Economic & Policy Outlook: A Year of Rebalancing
Marcoeconomic conditions and policy debates are shaping leasing strategy unevenly by region. Housing providers expect rentership to remain durable where homeownership costs are high, while oversupplied submarkets continue using targeted incentives.
“One of the most significant challenges facing the multifamily industry today is the growing push for rent control. While often well intentioned, these policies discourage new development, limit reinvestment and reduce housing supply,” says Murphy. “Over time, this negatively impacts affordability, housing quality and the long-term economic stability of an area. Sustainable solutions require policies that encourage development. Producing housing at all income levels is the only proven way to bring down housing costs and reduce the pressure that leads to rent increases.”
Financial management and process improvements are also being paired for a continued emphasis on service quality. “While we are paying close attention to expense management, we believe the overall customer experience is even more important in a competitive environment. We believe both efficiency and service can coexist,” says Atkins.
Interest rates are in the higher-for-longer category, resulting in housing providers strategically focusing on cash flow optimization through earlier renewals and calibrated incentives. “Although interest rates have been elevated for several years, there are signs of stabilization and potential easing into 2026,” says LaRocca. “Because refinancing is expensive, our role as operators is to optimize properties’ existing cash flow by increasing renewal rates, reducing turnover cost, maintaining occupancy and tailoring concessions according to unit type, location and other elements.”
Outlooks vary by region, with coastal constraints easing incentives and oversupplied Sun Belt markets keeping targeted concessions in play. Economic uncertainty will be a key factor in shaping leasing strategies. “High prices and interest rates continue to keep homeownership less affordable, sustaining renter demand. At the same time, expectations for continued slower job growth that began in the second half of 2025 are keeping management firms focused on retention and value-added amenities,” says Clare. “Supply constraints in some coastal markets will allow managers to reduce concessions where implemented, while oversupplied markets, particularly in the Sun Belt, will continue to rely on targeted incentives to maintain occupancy.”
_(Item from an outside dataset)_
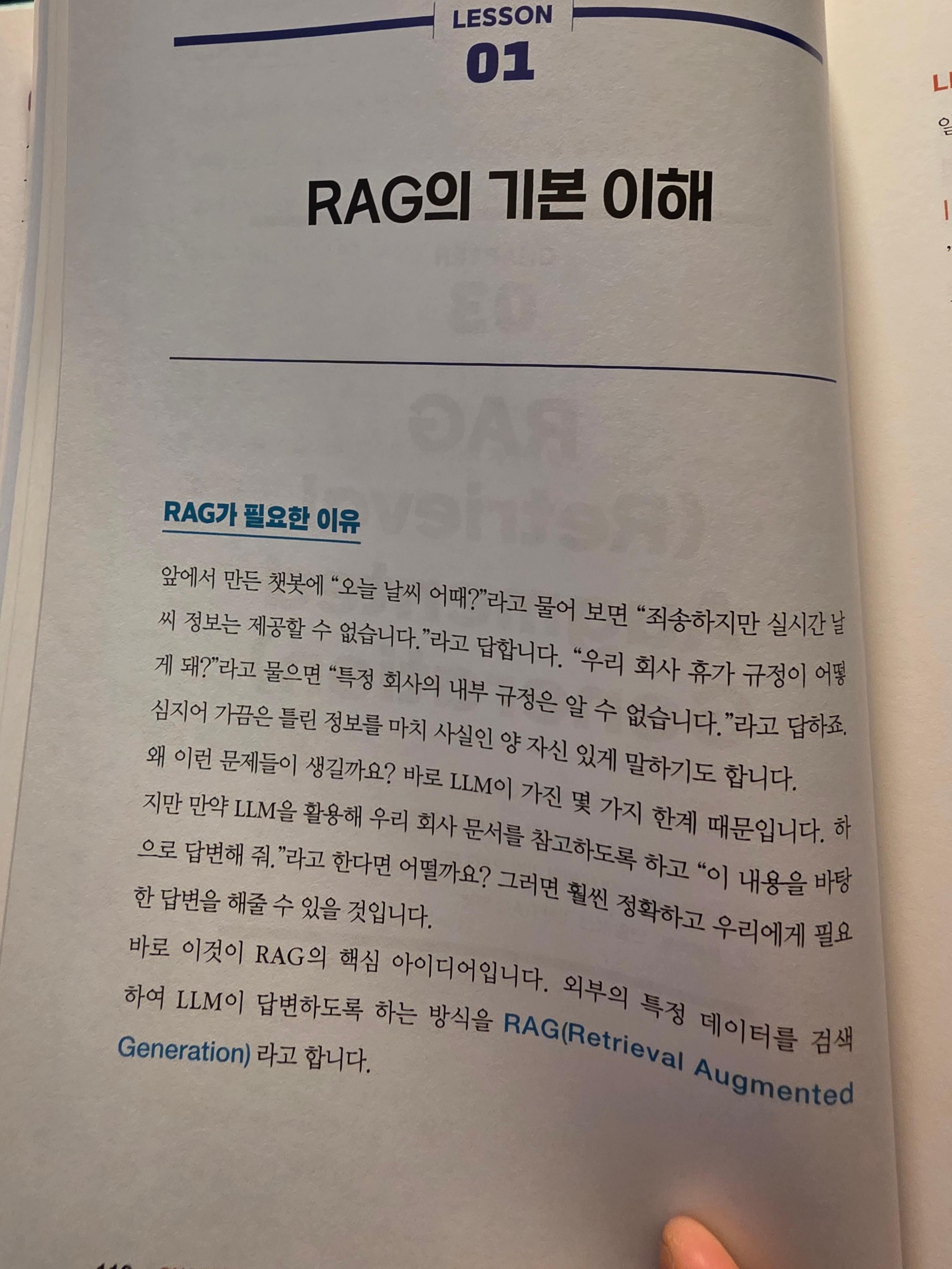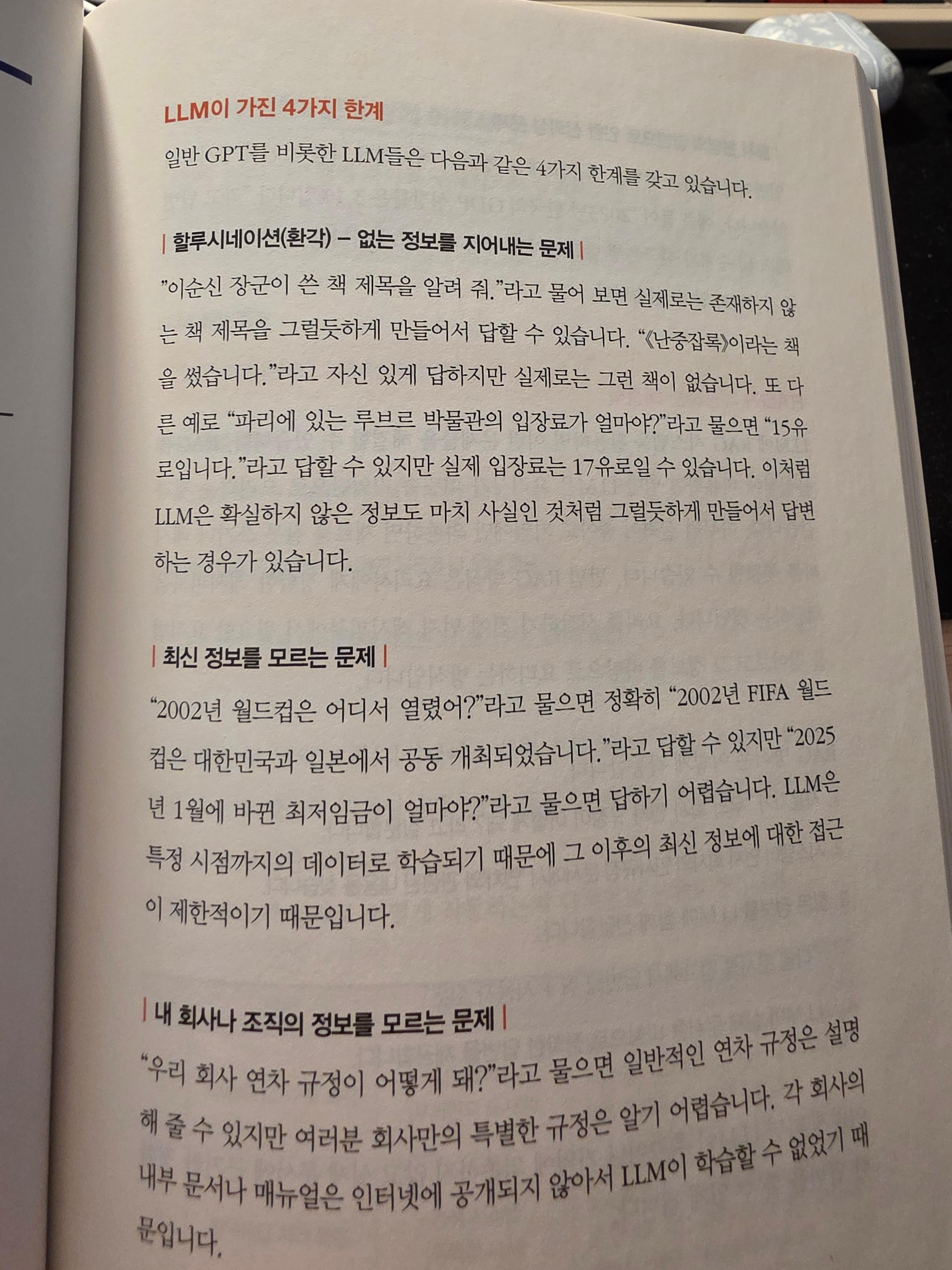 그 중에서 여기에서 이야기하고 있는 것은 RAG이다. RAG는 Retrieval Augmented Generation의 약어인데, 외부의 특정 데이터를 검색하여 LLM이 답변하도록 하는 방식이다. 이것이 중요한 이유는 바로 할루시네이션이 가장 큰 문제가 되기 때문이다. 물론 최신 정보를 모르거나 내 회사나 조직의 정보를 모르는 문제, 출제 불명의 답변으로 인한 신뢰성 문제도 다 문제이지만 이 모든 것인 다 할루시네이션을 발생시키는 원인이 된다.
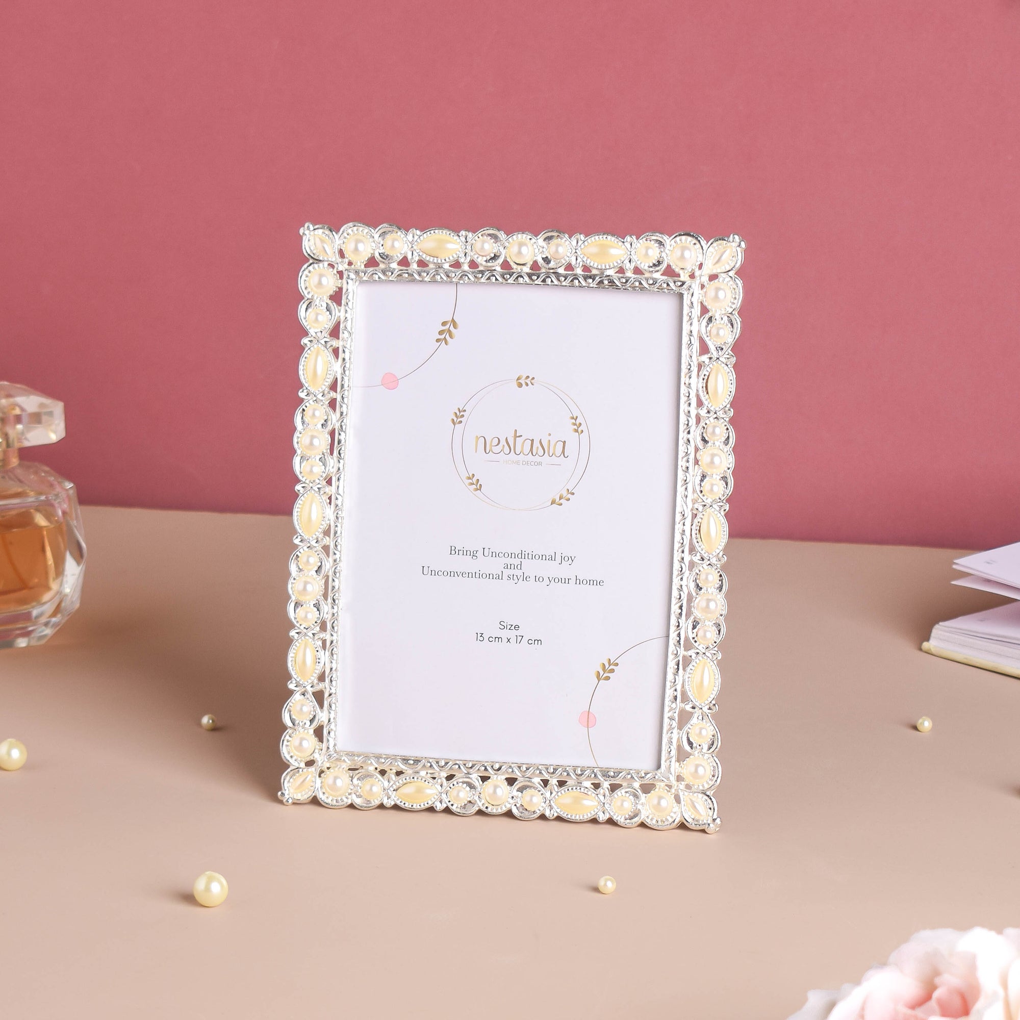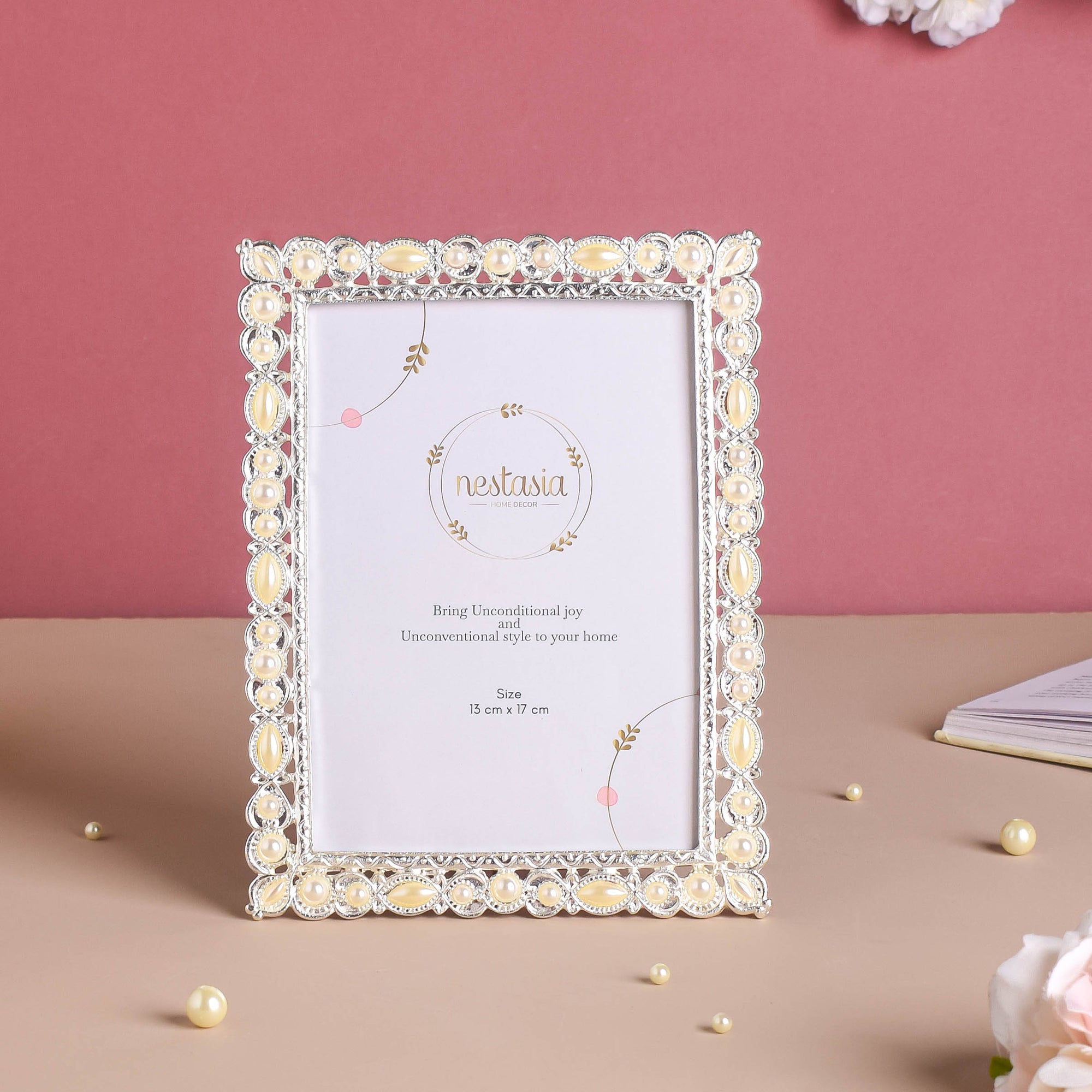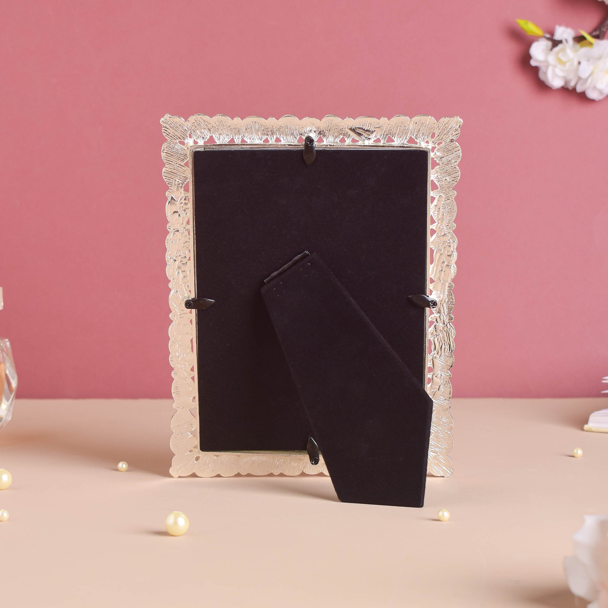 The large-sized vintage photo frame can be the best protector of favorite snaps and shots. Bordering the picture frame on all four sides are delicate, silver motifs and pearl-like embedments. One can add the photo frame to infuse a vintage appeal to one's surroundings.

Housing providers are laying the foundation of a spring leasing playbook that emphasizes speed, precision and service. They are leveraging AI to reduce friction and refine the resident and prospective renter experience while relying on consistent onsite execution and community engagement to earn renewals. As markets normalize unevenly and policy debates continue, the best-positioned teams will be the ones that act quickly, communicate clearly and make the experience of renting—and staying—feel straightforward and valuable.
“As emerging technologies continue to reshape how prospects search for and evaluate apartments, visibility in AI driven and generative search results will become increasingly important,” says Murphy. “Looking ahead to 2026, success will depend on providing clear, detailed and prospect focused content across all online channels, content that answers questions, builds confidence and accelerates decision making.”
Michael Miller is NAA’s Senior Managing Editor.